What the exercise asks — Beginning with the line that contains "Dans la presse" and ending with the line that contains "Deze knielange jurk", reproduce the lines of the entries below exactly, omitting pictures.

Given data —
◆ ◆ ◆
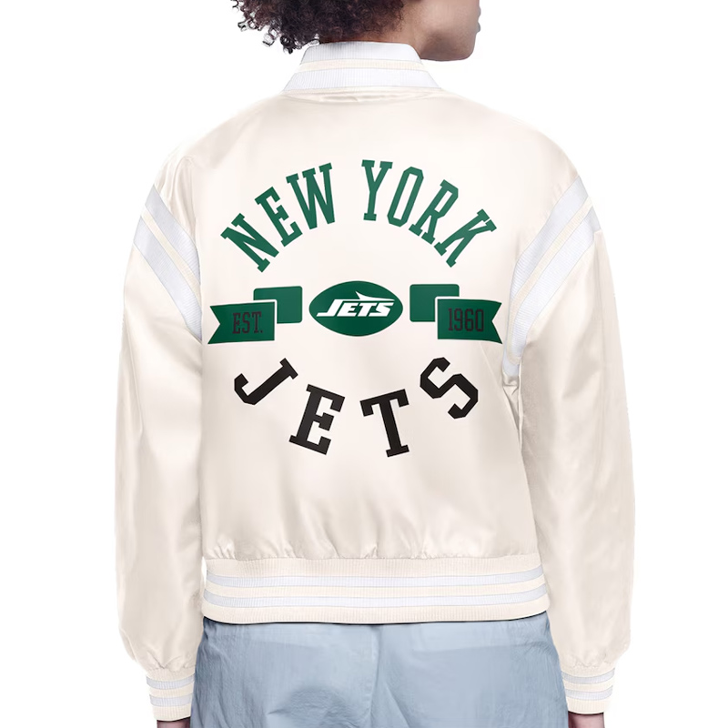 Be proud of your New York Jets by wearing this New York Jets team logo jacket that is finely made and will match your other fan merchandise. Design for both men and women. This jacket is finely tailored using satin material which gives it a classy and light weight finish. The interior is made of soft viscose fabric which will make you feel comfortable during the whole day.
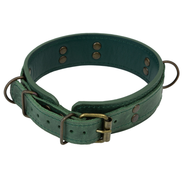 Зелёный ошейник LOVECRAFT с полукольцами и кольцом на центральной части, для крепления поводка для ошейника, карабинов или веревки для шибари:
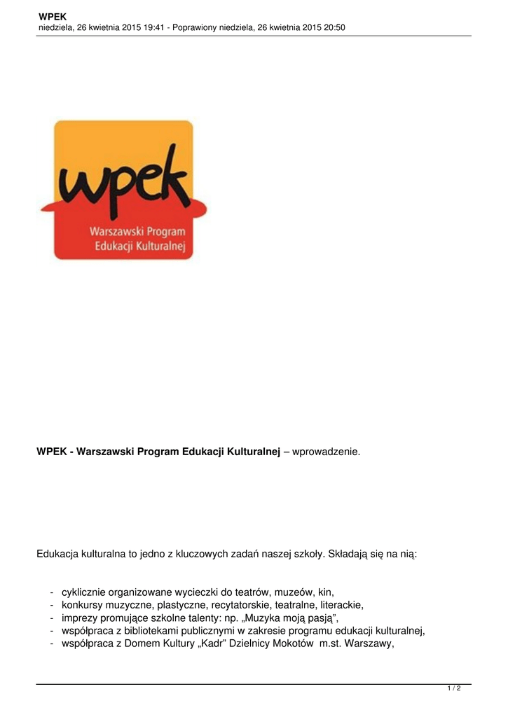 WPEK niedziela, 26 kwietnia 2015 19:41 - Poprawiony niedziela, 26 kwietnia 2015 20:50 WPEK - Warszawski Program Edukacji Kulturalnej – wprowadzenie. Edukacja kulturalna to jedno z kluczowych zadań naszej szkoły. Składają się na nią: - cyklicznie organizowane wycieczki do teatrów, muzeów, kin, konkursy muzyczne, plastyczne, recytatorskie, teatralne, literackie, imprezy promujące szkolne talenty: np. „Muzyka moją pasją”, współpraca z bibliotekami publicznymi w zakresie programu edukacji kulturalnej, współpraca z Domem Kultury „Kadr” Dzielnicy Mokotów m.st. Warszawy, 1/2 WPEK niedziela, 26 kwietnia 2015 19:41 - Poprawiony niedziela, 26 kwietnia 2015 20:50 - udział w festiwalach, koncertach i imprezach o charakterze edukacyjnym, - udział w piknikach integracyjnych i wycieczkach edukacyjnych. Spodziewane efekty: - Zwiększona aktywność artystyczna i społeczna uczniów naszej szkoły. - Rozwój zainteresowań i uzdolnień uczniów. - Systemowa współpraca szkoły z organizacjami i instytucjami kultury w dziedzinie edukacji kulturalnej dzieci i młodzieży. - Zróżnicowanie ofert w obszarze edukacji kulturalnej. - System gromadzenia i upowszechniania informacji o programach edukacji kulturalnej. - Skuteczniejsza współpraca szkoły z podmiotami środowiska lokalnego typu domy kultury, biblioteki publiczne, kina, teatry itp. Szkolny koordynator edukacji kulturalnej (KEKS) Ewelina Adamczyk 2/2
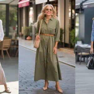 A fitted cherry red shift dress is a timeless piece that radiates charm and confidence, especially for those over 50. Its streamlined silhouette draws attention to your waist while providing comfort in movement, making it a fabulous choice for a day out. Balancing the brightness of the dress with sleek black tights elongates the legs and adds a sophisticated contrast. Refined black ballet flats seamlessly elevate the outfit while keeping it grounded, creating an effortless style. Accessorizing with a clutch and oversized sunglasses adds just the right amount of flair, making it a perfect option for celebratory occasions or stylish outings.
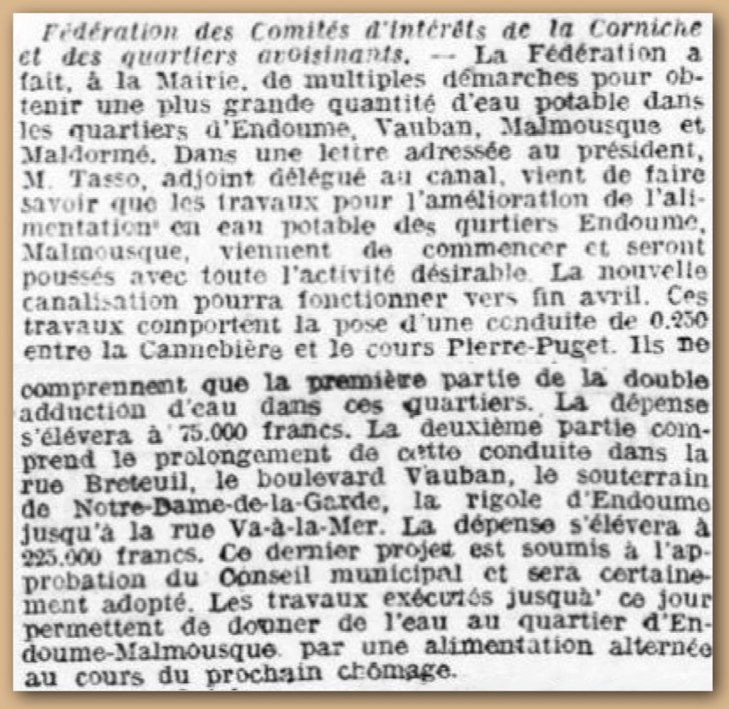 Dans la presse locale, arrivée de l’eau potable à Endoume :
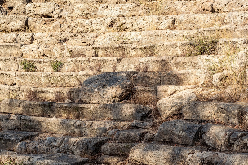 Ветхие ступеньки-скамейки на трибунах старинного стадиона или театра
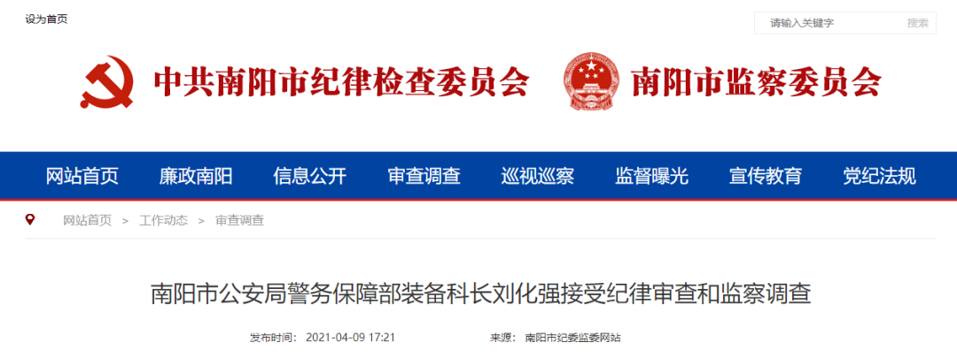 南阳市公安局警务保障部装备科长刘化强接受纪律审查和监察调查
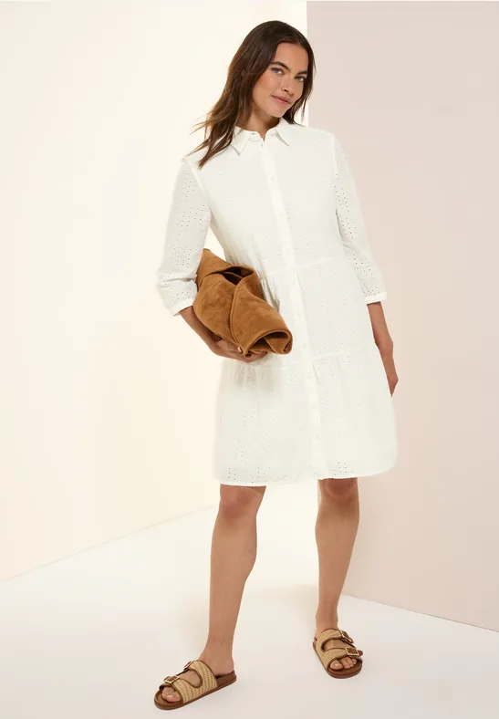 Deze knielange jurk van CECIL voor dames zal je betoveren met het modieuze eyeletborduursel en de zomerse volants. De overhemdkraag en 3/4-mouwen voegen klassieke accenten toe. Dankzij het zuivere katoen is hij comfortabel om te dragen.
◆ ◆ ◆
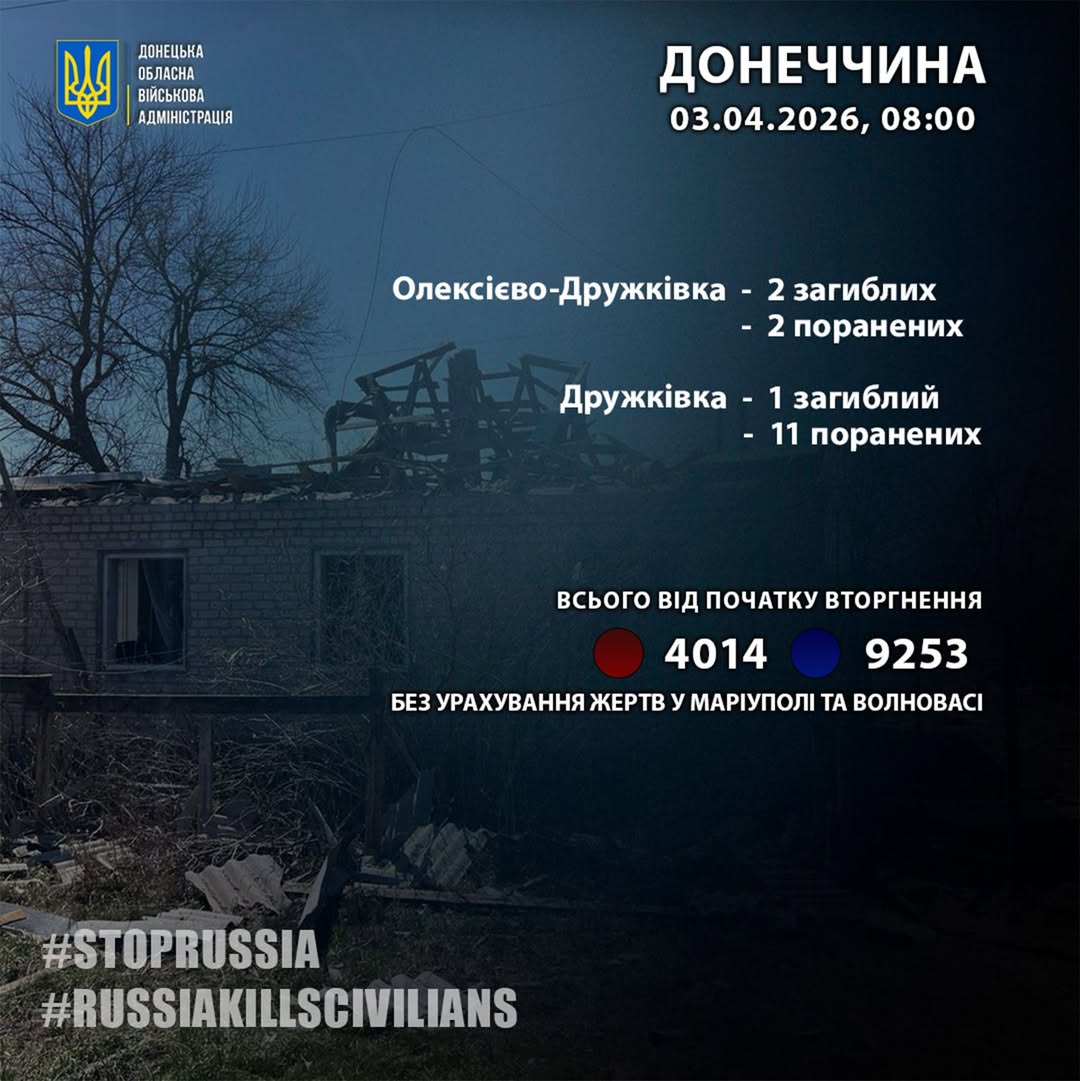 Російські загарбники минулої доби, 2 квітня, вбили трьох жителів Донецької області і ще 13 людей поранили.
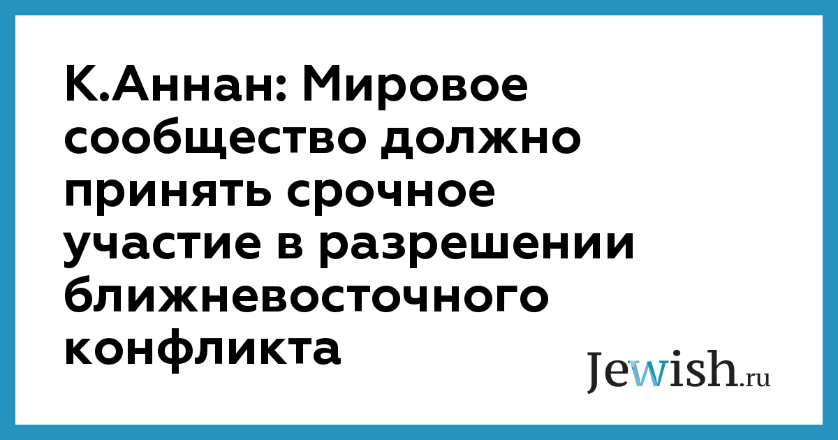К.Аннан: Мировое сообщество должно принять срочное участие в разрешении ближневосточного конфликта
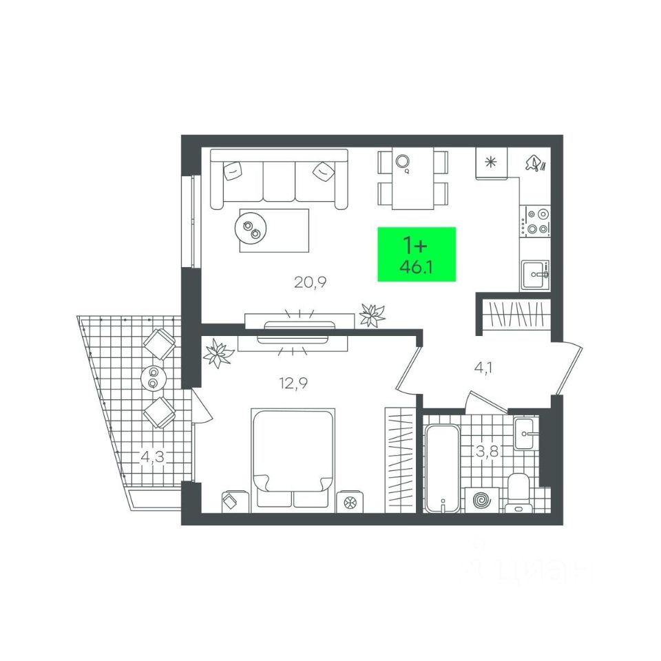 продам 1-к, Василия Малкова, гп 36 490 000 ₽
◆ ◆ ◆
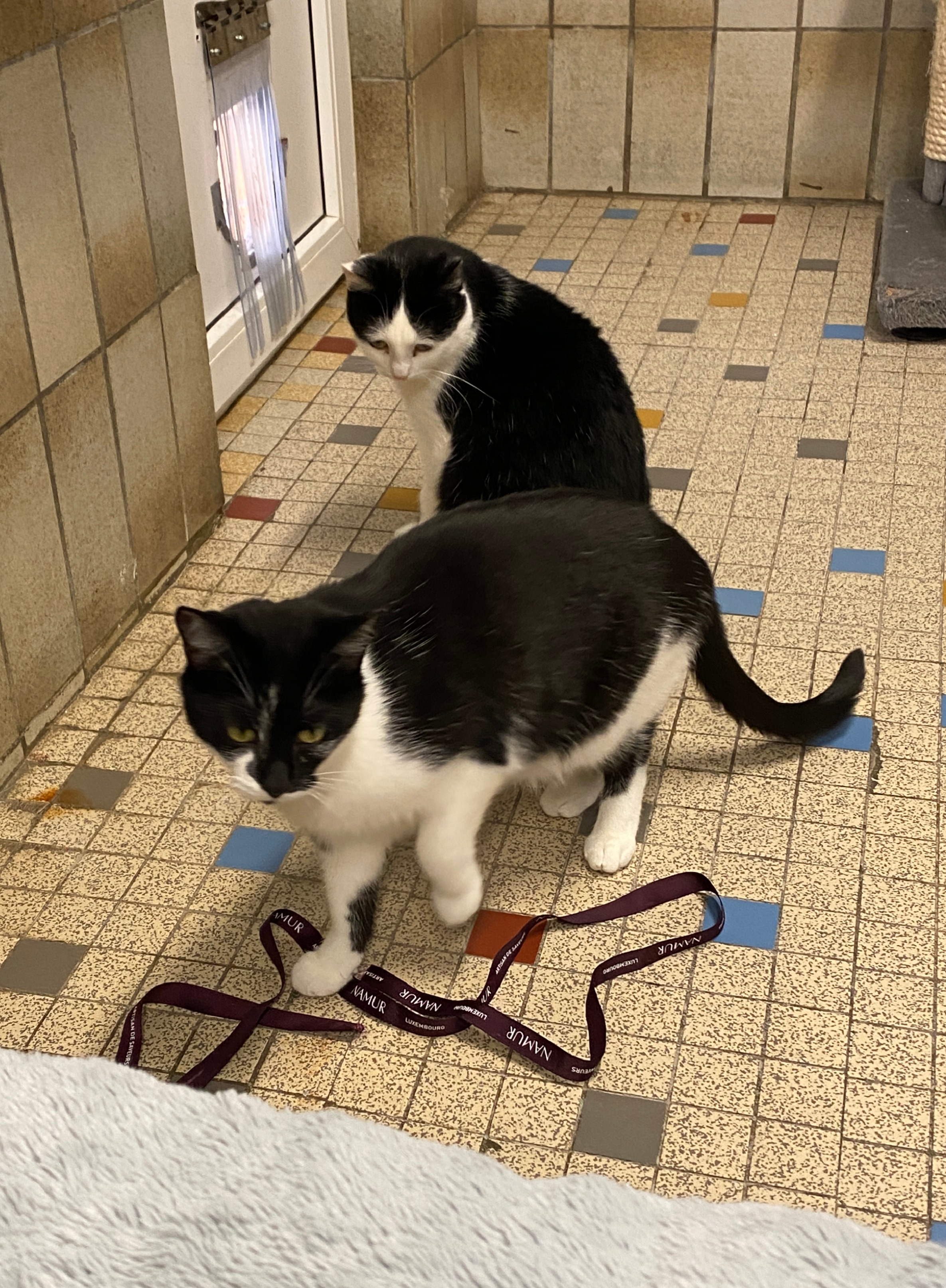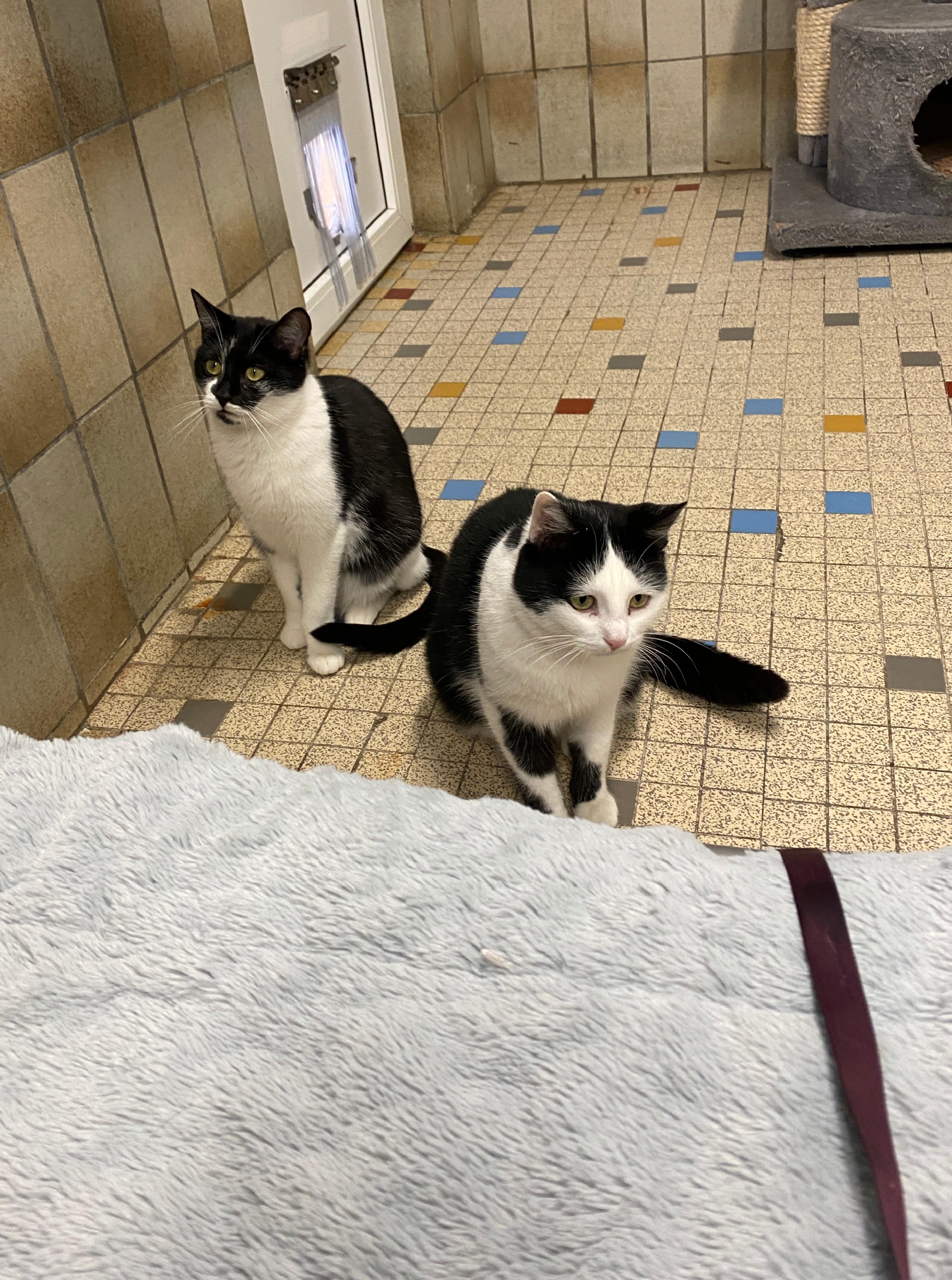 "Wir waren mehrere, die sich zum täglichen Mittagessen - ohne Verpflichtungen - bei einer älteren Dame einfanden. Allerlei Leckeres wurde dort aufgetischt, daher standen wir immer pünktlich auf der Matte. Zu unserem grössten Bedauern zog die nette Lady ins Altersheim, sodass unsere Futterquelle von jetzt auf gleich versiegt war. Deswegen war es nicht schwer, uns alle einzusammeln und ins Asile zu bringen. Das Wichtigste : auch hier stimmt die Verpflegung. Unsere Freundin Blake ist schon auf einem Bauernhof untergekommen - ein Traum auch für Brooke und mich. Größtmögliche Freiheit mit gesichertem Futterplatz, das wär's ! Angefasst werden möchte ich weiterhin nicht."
◆ ◆ ◆
Result of the task —
 Dans la presse locale, arrivée de l’eau potable à Endoume :
 Ветхие ступеньки-скамейки на трибунах старинного стадиона или театра
 南阳市公安局警务保障部装备科长刘化强接受纪律审查和监察调查
 Deze knielange jurk van CECIL voor dames zal je betoveren met het modieuze eyeletborduursel en de zomerse volants. De overhemdkraag en 3/4-mouwen voegen klassieke accenten toe. Dankzij het zuivere katoen is hij comfortabel om te dragen.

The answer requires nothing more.